Repeat the listing that follows, character for character, minus the pictures.

_INFORMATION SHOWN_:
Content starts
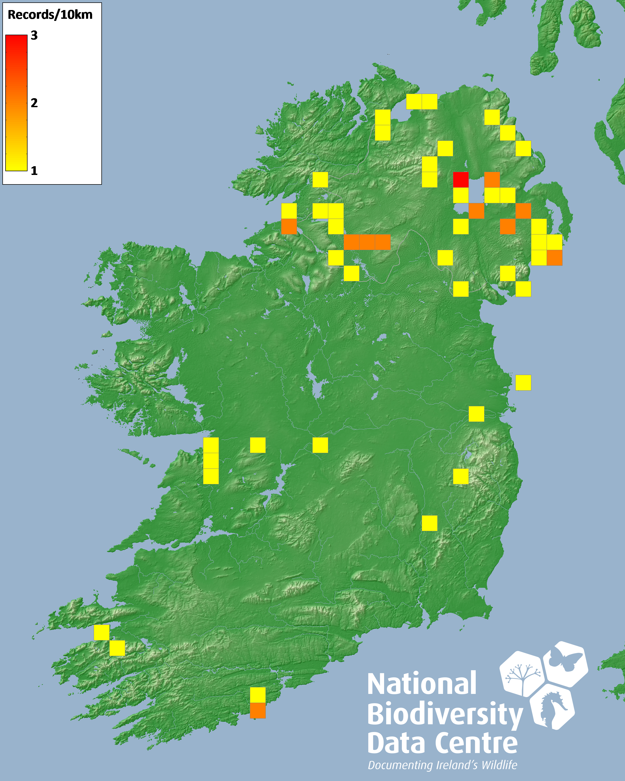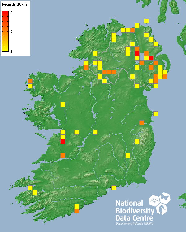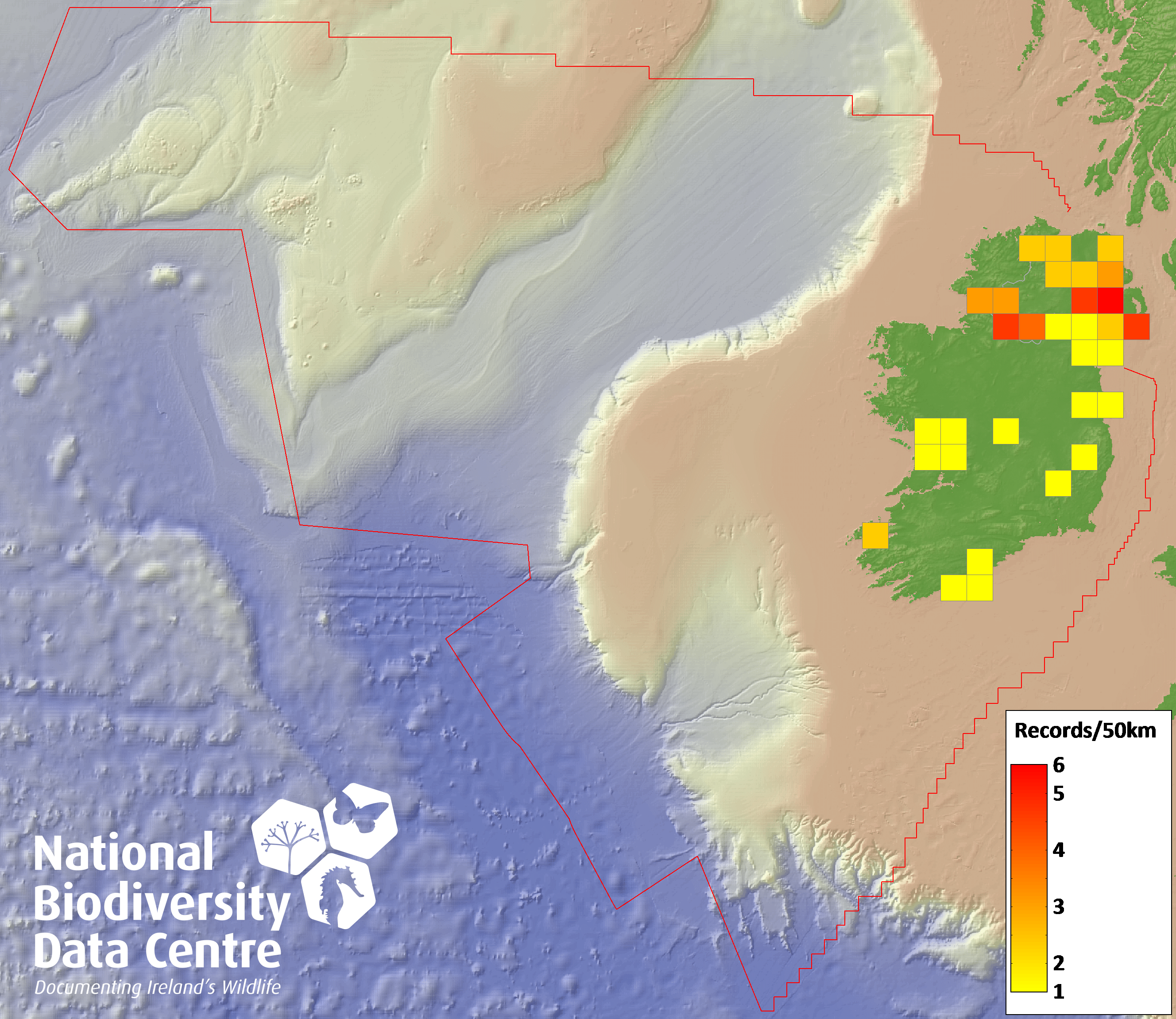 Distribution of the number of records recorded within each 10km grid square (ITM).Marine Map - 50km
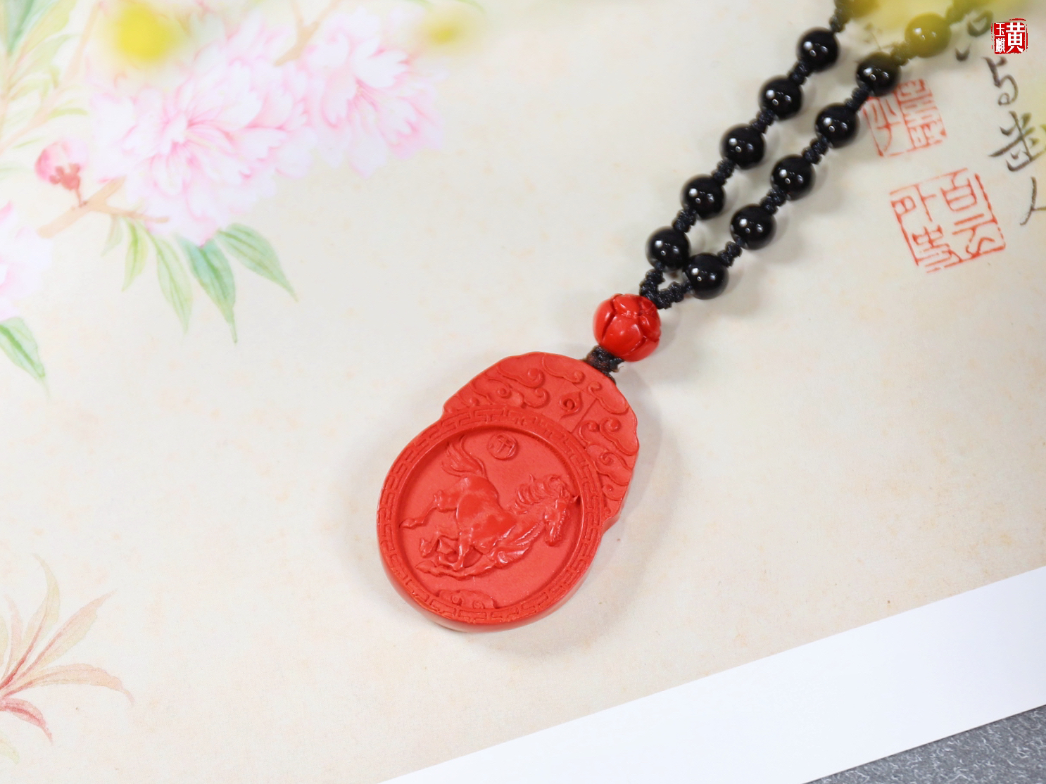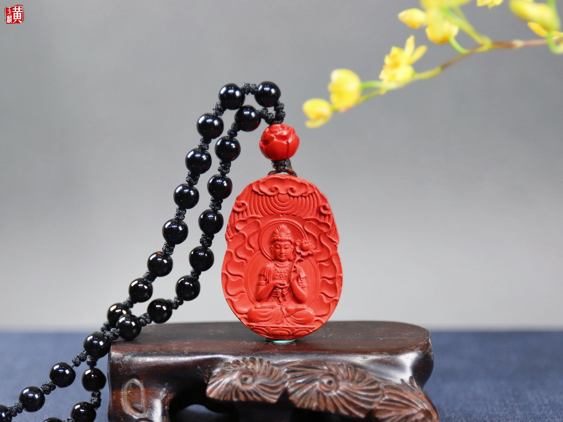 配黑玛瑙挂绳、朱砂莲花顶珠
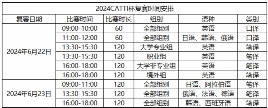 根据大赛组委会的通知,现就2024年“CATTI杯”翻译大赛复赛、决赛时间通知如下:
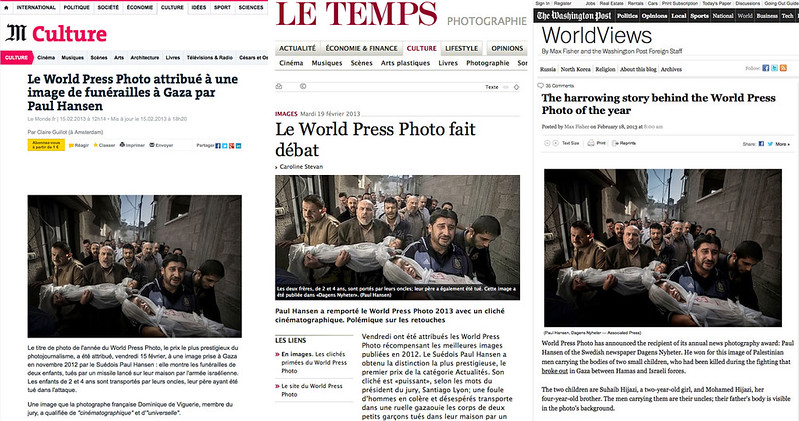 Photoshop a permis une chose formidable. Tout le monde trouve aujourd'hui les images suspectes. Or l'image photographique implique un point de vue particulier. Photoshop permet de faire plus vite et plus facilement ce que l'on a toujours pu faire et que l'on devait faire de manière obligatoire au tout début de la photographie. La technique ne permettait l'enregistrement que d'une toute petite partie de gamme lumineuse sur un même cliché. Il fallait "maquiller" ce défaut. Par exemple, les ciels étaient peints sur les photographies. Si on prend la photographie du WorldPress de cette année, il suffit de la basculer en niveau de gris pour voir que les techniques utilisées sont extrêmement classiques en Noir et Blanc. Photoshop permet de faire avec la couleur ce qu'il était aussi facile de faire avec le Noir et Blanc argentique. Cette photo s'inscrit naturellement dans un courant du photojournaliste qui remonte à Cartier-Bresson, Brassaï, Kertész et plus récemment, Nachtwey.
Content ends
_SOLUTION TO THE EXERCISE_:
 Distribution of the number of records recorded within each 10km grid square (ITM).Marine Map - 50km
 配黑玛瑙挂绳、朱砂莲花顶珠
 根据大赛组委会的通知,现就2024年“CATTI杯”翻译大赛复赛、决赛时间通知如下:
 Photoshop a permis une chose formidable. Tout le monde trouve aujourd'hui les images suspectes. Or l'image photographique implique un point de vue particulier. Photoshop permet de faire plus vite et plus facilement ce que l'on a toujours pu faire et que l'on devait faire de manière obligatoire au tout début de la photographie. La technique ne permettait l'enregistrement que d'une toute petite partie de gamme lumineuse sur un même cliché. Il fallait "maquiller" ce défaut. Par exemple, les ciels étaient peints sur les photographies. Si on prend la photographie du WorldPress de cette année, il suffit de la basculer en niveau de gris pour voir que les techniques utilisées sont extrêmement classiques en Noir et Blanc. Photoshop permet de faire avec la couleur ce qu'il était aussi facile de faire avec le Noir et Blanc argentique. Cette photo s'inscrit naturellement dans un courant du photojournaliste qui remonte à Cartier-Bresson, Brassaï, Kertész et plus récemment, Nachtwey.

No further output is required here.